From: T. Max Devlin <[EMAIL PROTECTED]>
Crossposted-To: 
comp.lang.java.advocacy,comp.os.ms-windows.advocacy,comp.os.ms-windows.nt.advocacy
Subject: Re: How low can they go...?
Date: Mon, 25 Sep 2000 12:06:56 -0400
Reply-To: [EMAIL PROTECTED]

Said Mike Byrns in comp.os.linux.advocacy; 
>"T. Max Devlin" wrote:
>> 
>> Said JS/PL in comp.os.linux.advocacy;
>> >
>> >"T. Max Devlin" <[EMAIL PROTECTED]> wrote in message
>> >> I've explained this only a half dozen times.  Why don't you email it to
>> >> all the other trolls: I only use a single computer; a laptop provided by
>> >> my company.  I don't *have* a 'home PC'.  I won't dual boot, and I have
>> >> a Linux box (an old Gateway laptop) at the office, but mostly I just use
>> >> Sun boxes when I use Unix.
>> >
>> >Pathetic.
>> 
>> Your ongoing tirade of posturing, you mean?  I'd agree, but I wouldn't
>> have thought to mention it, as its not unusual that your various
>> trolling excuses are generally pathetic.
>
>I'm rubber and you're glue, that bounced off me and stuck to you ;-) 
>You come off like a really smart kindergartner, Devlin.

LOL.

>> >Quit complaining about the operating system you freely choose to use, or
>> >switch. It's very simple, AND the answer to all your Microsoft problems.
>> 
>> You are a moron.
>
>This *IS* the real issue, but you chose to ignore it.

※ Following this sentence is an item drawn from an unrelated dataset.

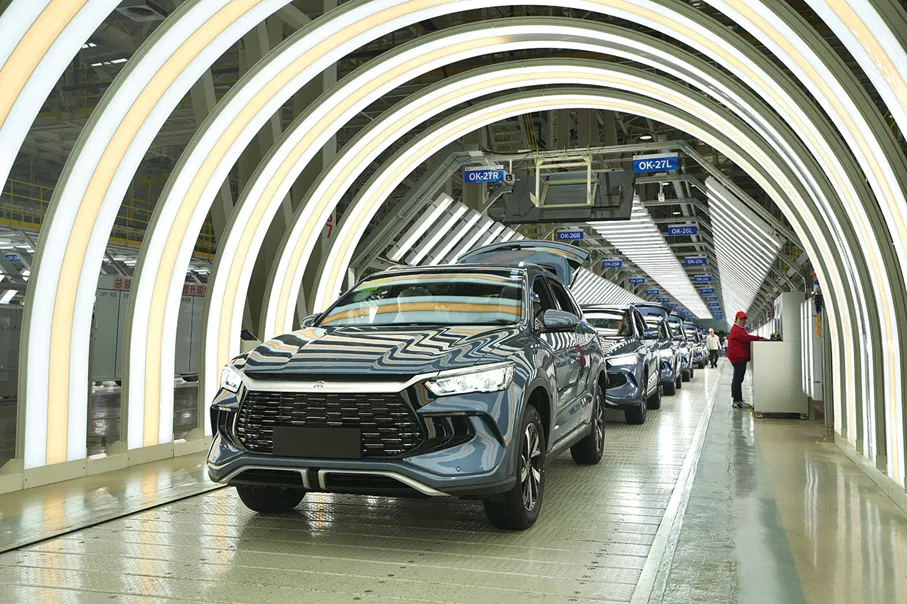 在比亚迪郑州基地,每50秒就有一辆新能源汽车下线。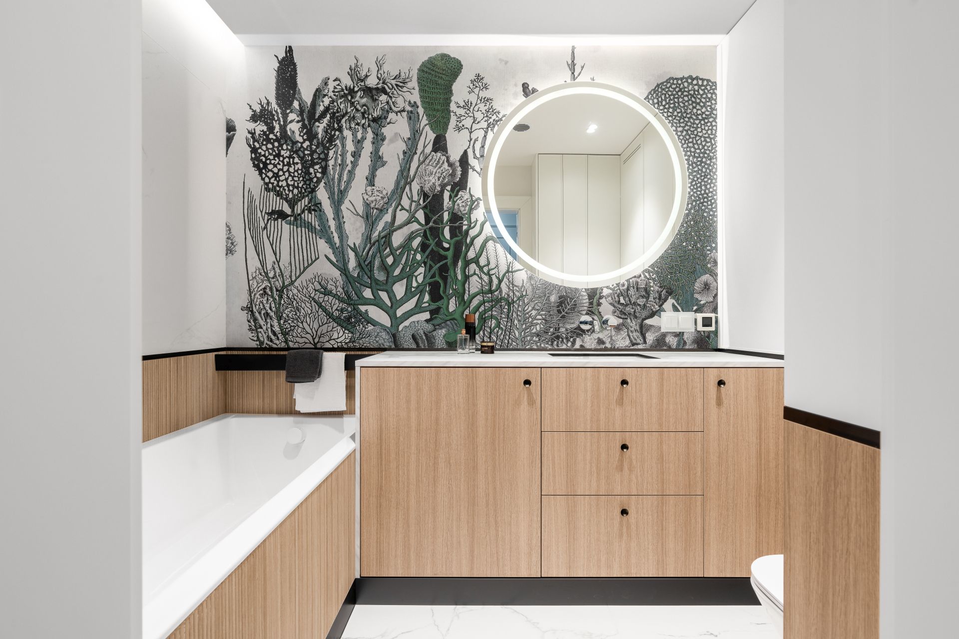 Szczególną satysfakcję przyniosło Annie Marii Sokołowskiej uzyskanie dwóch w pełni funkcjonalnych łazienek oraz dopracowanie trudnych przestrzeni, takich jak łazienka przy wejściu z trójkątnym układem. W efekcie powstało mieszkanie o niepowtarzalnym klimacie; dopracowane w każdym calu i wyraziste. Odważne kolory, materiały i detale tworzą tu całość, a każdy element ma swoje uzasadnienie.

This is bogus arm-waving; you choose to ignore the criminal activity
which has resulted in Microsoft enjoying monopoly power, and the reality
of that power.

>The truth is, you
>could go out and get a computer with linux loaded on it RIGHT NOW -- but
>you choose to use your laptop from work and spend half your day (or
>pretty damn close) bitching about it on USENET.  Shall we take up a
>collection?  How does the Max Devlin Memorial Computer Fund sound?

Like moronic hand-waving.

The truth is, Microsoft, whether you wish to believe it or not, makes it
more expensive and more difficult to get a computer with Linux loaded on
it.  It isn't that it would cost me money; it is that it is less
valuable to me *and* costs more money than it would had not the various
felonious strategies not been performed by *Microsoft*.  This has
nothing whatsoever to do with yours truly; I feel no personal
responsibility for the situation, and do not apologize for not making it
my problem any more than it is.  When it is convenient and productive
for me to buy a Linux box, I will.  Until then, it is Microsoft's fault,
not my own, that I am not already doing so.

   [...]
>> >You have not proven in any way that you are forced to use MS in your leisure
>> >time. But by saying that you in fact HAVE access to other platforms your
>> >only hurting your position that your forced to use MS products.
>> 
>> Indeed.  One might think that it would only support my position, if one
>> weren't a moron.
>
>You have no position to support until you stop posting from Windows. 
>You have choices but you'd just rather hear yourself complain.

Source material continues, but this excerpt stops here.